Корабелы люто ненавидели его, но среди подводников он заслужил репутацию из чистого золота. Однако эта репутация чуть было не пошла прахом, когда следующая подводная лодка, которой командовал Ванн, атомная атакующая субмарина «Батон-Руж» налетела на айсберг и едва не пошла ко дну. Хотя официальное расследование установило, что в случившемся не было никакой вины капитана, прошло несколько лет, прежде чем Ванн снова вышел в море, теперь уже в качестве командира «Портленда».
Получив назначение на новую подлодку, Ванн застал ее в самом плачевном состоянии.
«Портленд» едва не столкнулся ночью с танкером, возвращаясь в надводном положении на базу в Норфолке; затем лодка села на мель на Нантакетской банке, когда штурман в блаженном неведении проложил курс, который вывел корабль с осадкой тридцать два фута в участок моря с глубинами до двадцати семи футов. Все четыре боевые части — навигационная, вооружения, механическая и обслуживания — пребывали в состоянии полной разрухи.
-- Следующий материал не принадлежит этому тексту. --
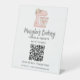 A cute pink cake mixer with flowers and your store name decorates this bakery QR Code pedestal sign. Personalize it with your store name adn QR code. Designed for you by Blackberry Boulevard.
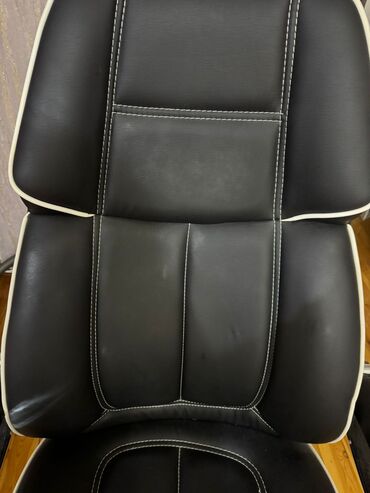 - Material: qara süni dəri oturacaq və bel hissəsi, ağ haşiyələr və dekorativ tikişlər

Бары и кафе, расположенные на главной улице Норфолка, не пускали моряков с «Портленда», справедливо считая их отъявленными дебоширами. Подводная лодка превратилась в цирк, которым заправляли клоуны.
Перед Ванном была поставлена простая задача: исправить положение дел.
Что он и осуществил. Под его командой «Портленд» побил все рекорды эффективности патрулирования и оперативности выполнения приказов. Ни одна другая подводная лодка Атлантического флота не удостоилась такого количества наград. Ванн показал себя непревзойденным мастером уклонения от противолодочных сил. Однажды он прислал командованию флота целую пачку фотографий атомного авианосца, сделанных через перископ. Авианосец был снят с такого близкого расстояния, что можно было различить лица моряков, куривших вдоль леерного ограждения на палубе. Командир авианосца подал официальную жалобу, которая ни к чему не привела. Незаметно подкрасться к авианосцу, самому оберегаемому кораблю флота, — это заслуживало не наказания, а награды, и в Норфолке за Ванном закрепилось прозвище «Невидимый».
Но сейчас коммандер Ванн в последний раз выводил «Портленд» в море. Когда подводная лодка вернется на базу в Норфолк, он перейдет на штабную работу, возглавит подводную флотилию. Это станет значительным продвижением по службе, которое должно было состояться еще несколько лет назад. И все же Ванн расстанется со своим кораблем с неохотой. Адмиралы занимаются политиканством. Здесь же, на борту «Портленда», коммандер Джеймс Ванн правил безраздельно.
Ванн задумчиво разгрыз последние кубики льда. Те, кто нес вахту в центральном командном посту, уже давно научились распознавать настроение своего командира по тому, как быстро он расправляется с полным стаканчиком. Это являлось своеобразным барометром: ленивая размеренность означала спокойную погоду, стремительное и яростное истребление льда предвещало шторм.
Ванн отметил, как один из двух матросов у штурвала вытер вспотевшую ладонь о штанину темно-синего комбинезона. Хорошо. Рулевой, который не потеет от усилий удержать подводную лодку на заданных глубине и курсе, старается недостаточно усердно; а тот, кто старается недостаточно усердно, на «Портленде» чужой.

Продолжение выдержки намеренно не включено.